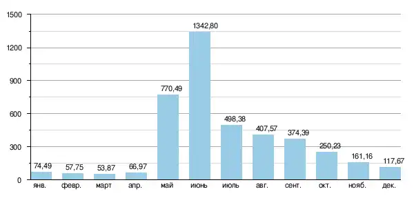 | Расход воды | 347,89 м³/с (34 км от устья) |
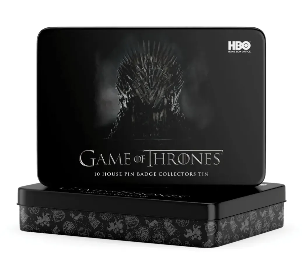 10 offiziell lizenzierte Game of Thrones Ansteck-Pins aus Metall (Zinklegierung). Verpackt in einer schicken Metalldose (Größe: 18 x 14,5 x 3 cm).
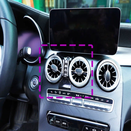 Verbeter uw rijervaring met de Mercedes GLC Auto Telefoonhouder Met Draadloze Oplaadbasis. Gemaakt van duurzaam ABS, deze standaard combineert een veilige grip met handige stroomvoorziening, zodat uw telefoon binnen handbereik blijft en klaar is voor elke rit. De basis is speciaal aangepast voor het Mercedes GLC-model, wat zorgt voor een snug, exacte pasvorm die harmonieert met het interieur van uw auto. Zorg ervoor dat uw voertuig overeenkomt met het weergegeven model om perfecte compatibiliteit te garanderen. De 17mm draaikoppeling laat u kantelen en draaien voor de optimale kijkhoek, of u nu GPS gebruikt, streamt of onderweg oproepen doet. Wanneer gemonteerd, wordt uw telefoon draadloos opgeladen terwijl u rijdt, waardoor kabelrommel wordt verminderd en batterijangst wordt geëlimineerd.

·····

Goal of the exercise
Type the lines above out again exactly as they appear, skipping every picture.

Output for this task
 | Расход воды | 347,89 м³/с (34 км от устья) |
 10 offiziell lizenzierte Game of Thrones Ansteck-Pins aus Metall (Zinklegierung). Verpackt in einer schicken Metalldose (Größe: 18 x 14,5 x 3 cm).
 Verbeter uw rijervaring met de Mercedes GLC Auto Telefoonhouder Met Draadloze Oplaadbasis. Gemaakt van duurzaam ABS, deze standaard combineert een veilige grip met handige stroomvoorziening, zodat uw telefoon binnen handbereik blijft en klaar is voor elke rit. De basis is speciaal aangepast voor het Mercedes GLC-model, wat zorgt voor een snug, exacte pasvorm die harmonieert met het interieur van uw auto. Zorg ervoor dat uw voertuig overeenkomt met het weergegeven model om perfecte compatibiliteit te garanderen. De 17mm draaikoppeling laat u kantelen en draaien voor de optimale kijkhoek, of u nu GPS gebruikt, streamt of onderweg oproepen doet. Wanneer gemonteerd, wordt uw telefoon draadloos opgeladen terwijl u rijdt, waardoor kabelrommel wordt verminderd en batterijangst wordt geëlimineerd.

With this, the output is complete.